## [TASK ITEM]
Leaving out the images, repeat all the lines below exactly.

## [MATERIAL PROVIDED]
= = = =
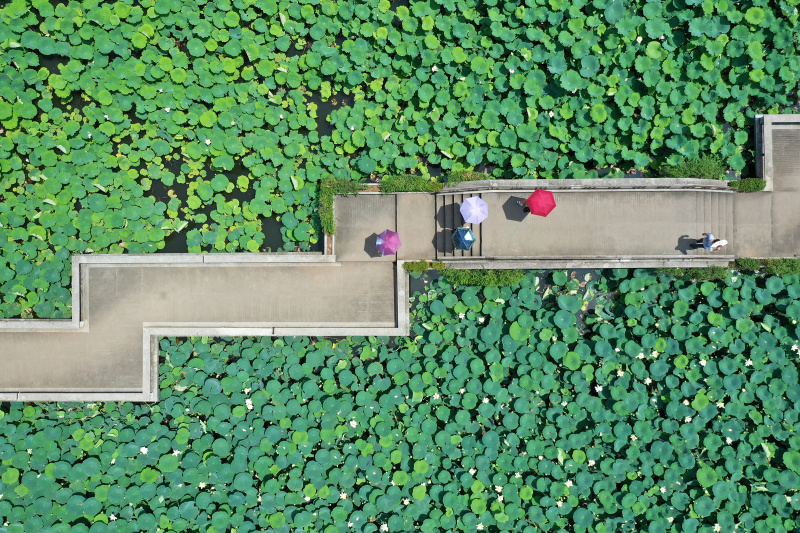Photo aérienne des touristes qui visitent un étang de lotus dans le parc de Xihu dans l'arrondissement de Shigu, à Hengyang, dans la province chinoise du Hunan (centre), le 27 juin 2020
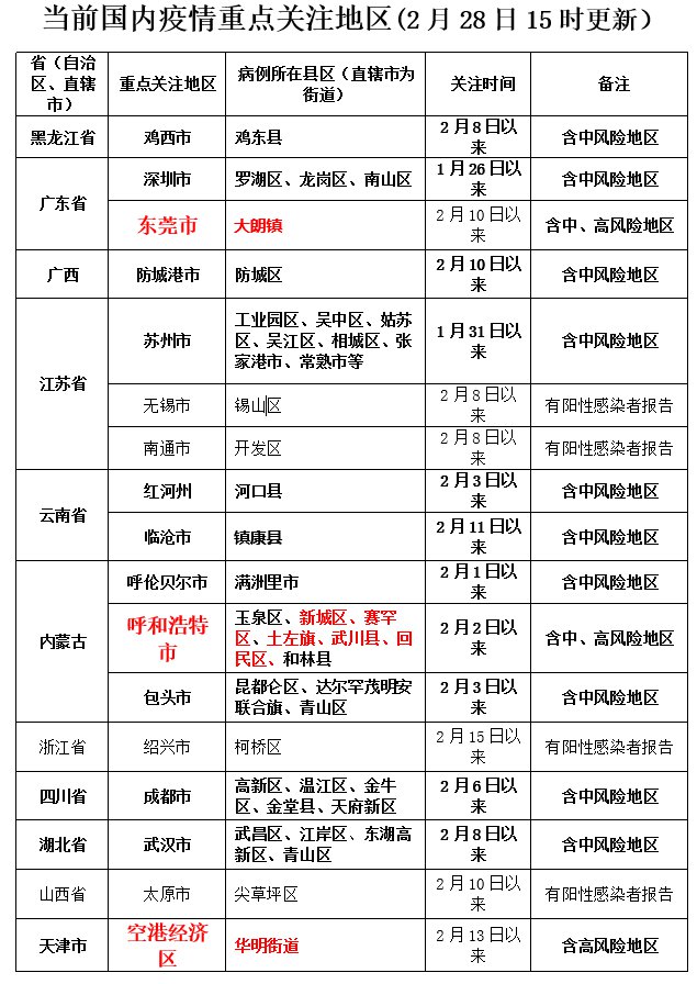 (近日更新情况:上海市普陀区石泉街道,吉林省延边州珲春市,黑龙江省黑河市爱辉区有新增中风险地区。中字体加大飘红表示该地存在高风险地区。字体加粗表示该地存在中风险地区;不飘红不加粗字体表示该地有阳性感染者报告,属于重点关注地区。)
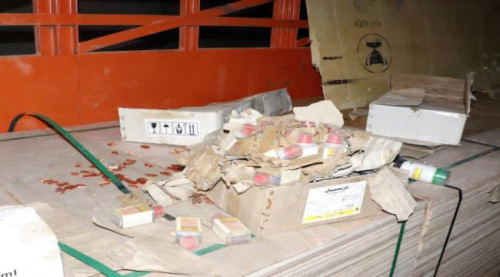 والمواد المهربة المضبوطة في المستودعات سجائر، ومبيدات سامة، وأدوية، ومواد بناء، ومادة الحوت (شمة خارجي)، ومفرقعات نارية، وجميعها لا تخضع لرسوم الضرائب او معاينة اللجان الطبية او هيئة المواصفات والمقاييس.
= = = =
## [FINISHED EXERCISE]
Photo aérienne des touristes qui visitent un étang de lotus dans le parc de Xihu dans l'arrondissement de Shigu, à Hengyang, dans la province chinoise du Hunan (centre), le 27 juin 2020
 (近日更新情况:上海市普陀区石泉街道,吉林省延边州珲春市,黑龙江省黑河市爱辉区有新增中风险地区。中字体加大飘红表示该地存在高风险地区。字体加粗表示该地存在中风险地区;不飘红不加粗字体表示该地有阳性感染者报告,属于重点关注地区。)
 والمواد المهربة المضبوطة في المستودعات سجائر، ومبيدات سامة، وأدوية، ومواد بناء، ومادة الحوت (شمة خارجي)، ومفرقعات نارية، وجميعها لا تخضع لرسوم الضرائب او معاينة اللجان الطبية او هيئة المواصفات والمقاييس.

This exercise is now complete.